— About this task —
Since the copy must match the original, write out each record word for word, skipping only the pictures.

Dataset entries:
== Segment start ==

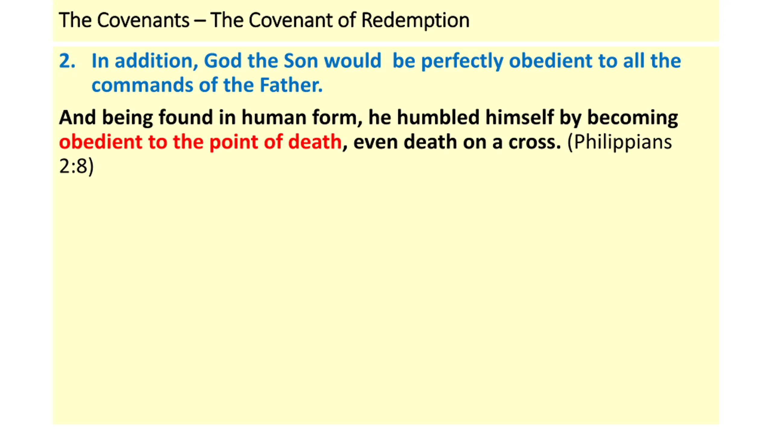 The Covenants The Covenants The Covenant of Redemption The Covenant of Redemption 2. In addition, God the Son would be perfectly obedient to all the commands of the Father. And being found in human form, he humbled himself by becoming obedient to the point of death, even death on a cross. (Philippians 2:8)
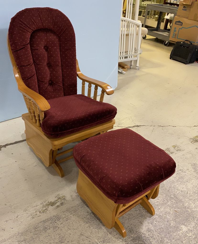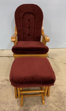 Oak Platform Rocker and Ottoman, red cushion, good condition. Oak Platform Rocker and Ottoman, red cushion, good condition.
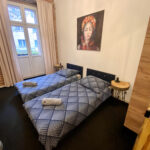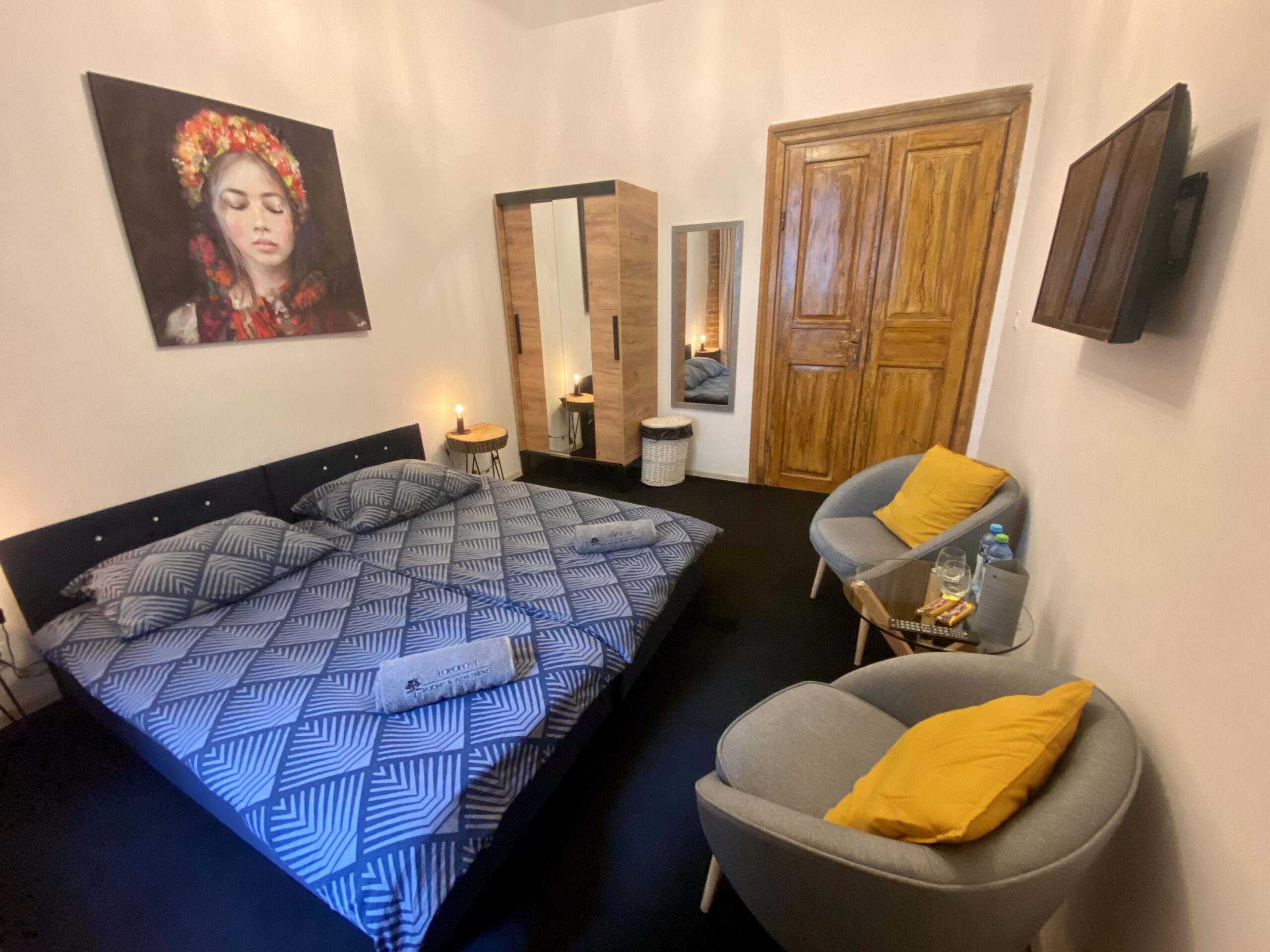 Do Państwa dyspozycji przeznaczamy cały apartament typu studio urządzony w wysokim standardzie. Składa się on z części sypialnej z podwójnym łóżkiem lub dwoma pojedynczymi oraz rozkładaną sofą w części wypoczynkowej z TV. W apartamencie znajduje się również w pełni wyposażony aneks kuchenny, łazienka z prysznicem oraz toaletą. W całym apartamencie dostępna jest sieć wifi.
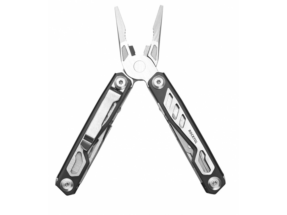 Мультифункциональный инструмент из нержавеющей стали. 16 опций: нож прямой из нержавеющей стали 3CR13 c коэффициентом твёрдости HRC57, нож серрейторный, пила, подпружиненные пассатижи, кусачки для обычной и твердой проволоки, острогубцы, плоскогубцы, напильник по дереву и металлу, стропорез, отвёртка Phillips, линейка, малая шлицевая и часовая отвертки, шило с ушком, консервный нож, открывалка для бутылок. Liner-lock. Все опции фиксируются от случайного закрытия или выпадания. 3D машинная обработка рукоятей. Покрытие частично- Black Oxide. Длина ножа 6,5 см. Длина мультитула в сложенном состоянии 9,9 см, ширина 3,6 см, толщина 2,3 см. Длина в раскрытом виде с пассатижами 14,6 см. Вес - 265 гр. Цвет серебристо-чёрный. Нейлоновый чехол на кнопке с ременным отверстием. Картонная упаковка.
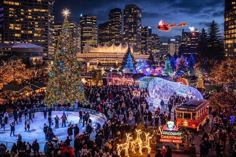 از جمله برجستهترین رویدادها میتوان به “پرواز با بابانوئل” (Flyover: Soar with Santa) اشاره کرد که تجربهای غوطهورکننده با مناظر هوایی شگفتانگیز کانادا را ارائه میدهد. همچنین، نصب هنری “سوندر: زندگی در نور” (Sonder: Life in Lights) خیابانهای تاریخی ییلتاون را به بوم زندهای از نور و داستان تبدیل کرده است. جشنواره نور “گلو لنگلی” (Glow Langley) با بیش از یک میلیون چراغ و “جشنواره نور وندوسن” (VanDusen Festival of Lights) که باغ گیاهشناسی را به سرزمینی جادویی بدل میکند، از دیگر جاذبههای بصری مهم این دوره هستند. بازارهای کریسمس ونکوور، شیپیاردز و وسبروک ویلج نیز با غرفههای صنایع دستی، غذاهای سنتی و اجرای زنده، فضایی دلنشین برای بازدیدکنندگان فراهم میآورند.
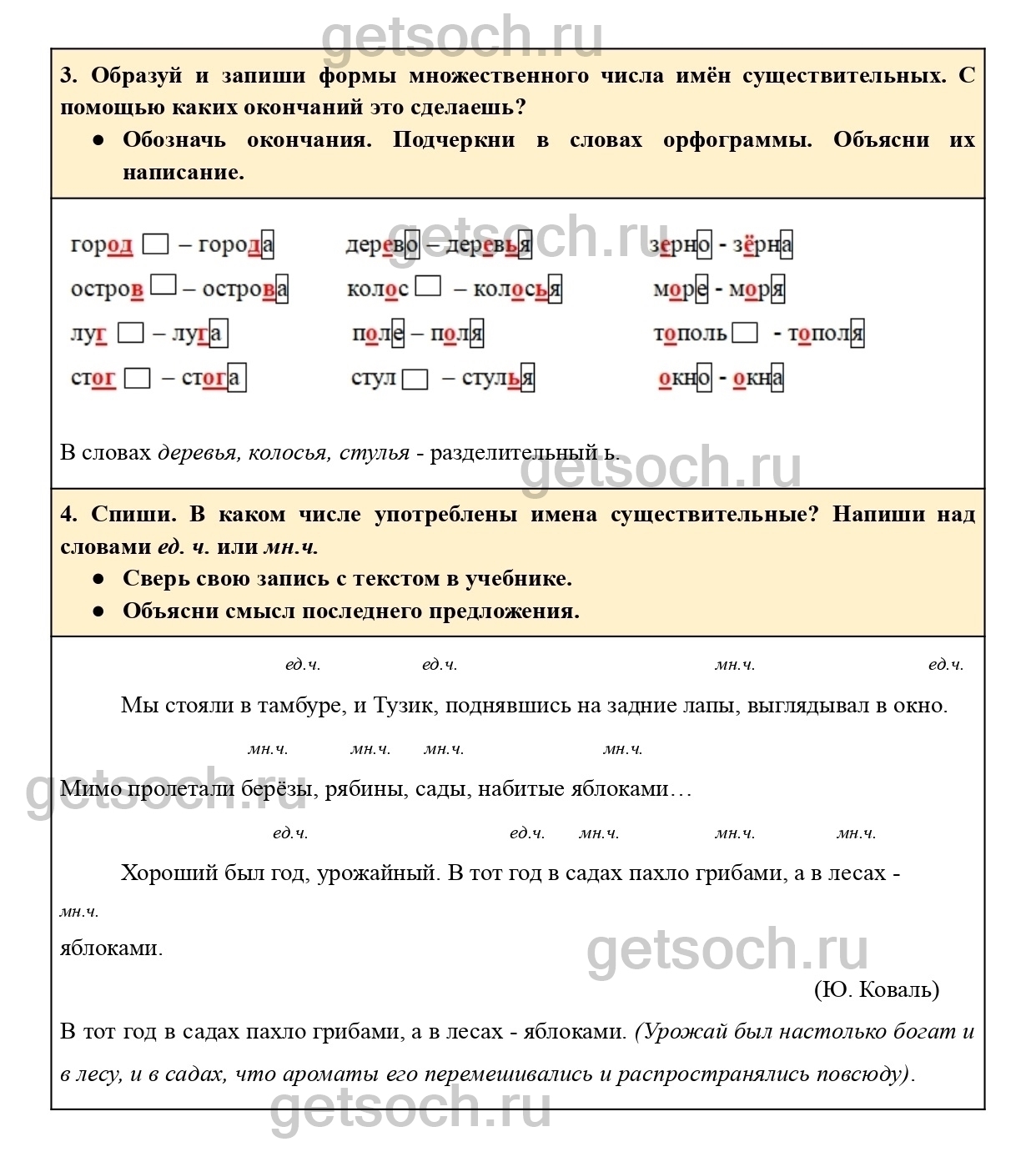 “4. Спиши. В каком числе употреблены имена существительные? Напиши над словами ед. ч. или мн.ч.
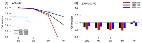 It can be observed that the periods 1991–1999 and 2000–2009 show a negative correlation between the EAWM and the AO. The correlation between the AO and the EAWM in the earlier period tends to slightly decrease in the later period. The relationship in the earlier period is well simulated up to a lead time of 3 weeks; however, the weakened relationship in the later period is more strongly simulated than that observed for lead times of 2 and 3 weeks. Interestingly, for the 4−week lead time, although the correlation in the earlier period shows the opposite result, the correlation in the later period appears similar to the observation. Thus, the effect of the AO simulation on the recent decrease in the EAWM prediction skill in the 2000s, is not significant.

== Segment end ==

— Solution for this problem —
 The Covenants The Covenants The Covenant of Redemption The Covenant of Redemption 2. In addition, God the Son would be perfectly obedient to all the commands of the Father. And being found in human form, he humbled himself by becoming obedient to the point of death, even death on a cross. (Philippians 2:8)
 Oak Platform Rocker and Ottoman, red cushion, good condition. Oak Platform Rocker and Ottoman, red cushion, good condition.
 Do Państwa dyspozycji przeznaczamy cały apartament typu studio urządzony w wysokim standardzie. Składa się on z części sypialnej z podwójnym łóżkiem lub dwoma pojedynczymi oraz rozkładaną sofą w części wypoczynkowej z TV. W apartamencie znajduje się również w pełni wyposażony aneks kuchenny, łazienka z prysznicem oraz toaletą. W całym apartamencie dostępna jest sieć wifi.
 Мультифункциональный инструмент из нержавеющей стали. 16 опций: нож прямой из нержавеющей стали 3CR13 c коэффициентом твёрдости HRC57, нож серрейторный, пила, подпружиненные пассатижи, кусачки для обычной и твердой проволоки, острогубцы, плоскогубцы, напильник по дереву и металлу, стропорез, отвёртка Phillips, линейка, малая шлицевая и часовая отвертки, шило с ушком, консервный нож, открывалка для бутылок. Liner-lock. Все опции фиксируются от случайного закрытия или выпадания. 3D машинная обработка рукоятей. Покрытие частично- Black Oxide. Длина ножа 6,5 см. Длина мультитула в сложенном состоянии 9,9 см, ширина 3,6 см, толщина 2,3 см. Длина в раскрытом виде с пассатижами 14,6 см. Вес - 265 гр. Цвет серебристо-чёрный. Нейлоновый чехол на кнопке с ременным отверстием. Картонная упаковка.
 از جمله برجستهترین رویدادها میتوان به “پرواز با بابانوئل” (Flyover: Soar with Santa) اشاره کرد که تجربهای غوطهورکننده با مناظر هوایی شگفتانگیز کانادا را ارائه میدهد. همچنین، نصب هنری “سوندر: زندگی در نور” (Sonder: Life in Lights) خیابانهای تاریخی ییلتاون را به بوم زندهای از نور و داستان تبدیل کرده است. جشنواره نور “گلو لنگلی” (Glow Langley) با بیش از یک میلیون چراغ و “جشنواره نور وندوسن” (VanDusen Festival of Lights) که باغ گیاهشناسی را به سرزمینی جادویی بدل میکند، از دیگر جاذبههای بصری مهم این دوره هستند. بازارهای کریسمس ونکوور، شیپیاردز و وسبروک ویلج نیز با غرفههای صنایع دستی، غذاهای سنتی و اجرای زنده، فضایی دلنشین برای بازدیدکنندگان فراهم میآورند.
 “4. Спиши. В каком числе употреблены имена существительные? Напиши над словами ед. ч. или мн.ч.
 It can be observed that the periods 1991–1999 and 2000–2009 show a negative correlation between the EAWM and the AO. The correlation between the AO and the EAWM in the earlier period tends to slightly decrease in the later period. The relationship in the earlier period is well simulated up to a lead time of 3 weeks; however, the weakened relationship in the later period is more strongly simulated than that observed for lead times of 2 and 3 weeks. Interestingly, for the 4−week lead time, although the correlation in the earlier period shows the opposite result, the correlation in the later period appears similar to the observation. Thus, the effect of the AO simulation on the recent decrease in the EAWM prediction skill in the 2000s, is not significant.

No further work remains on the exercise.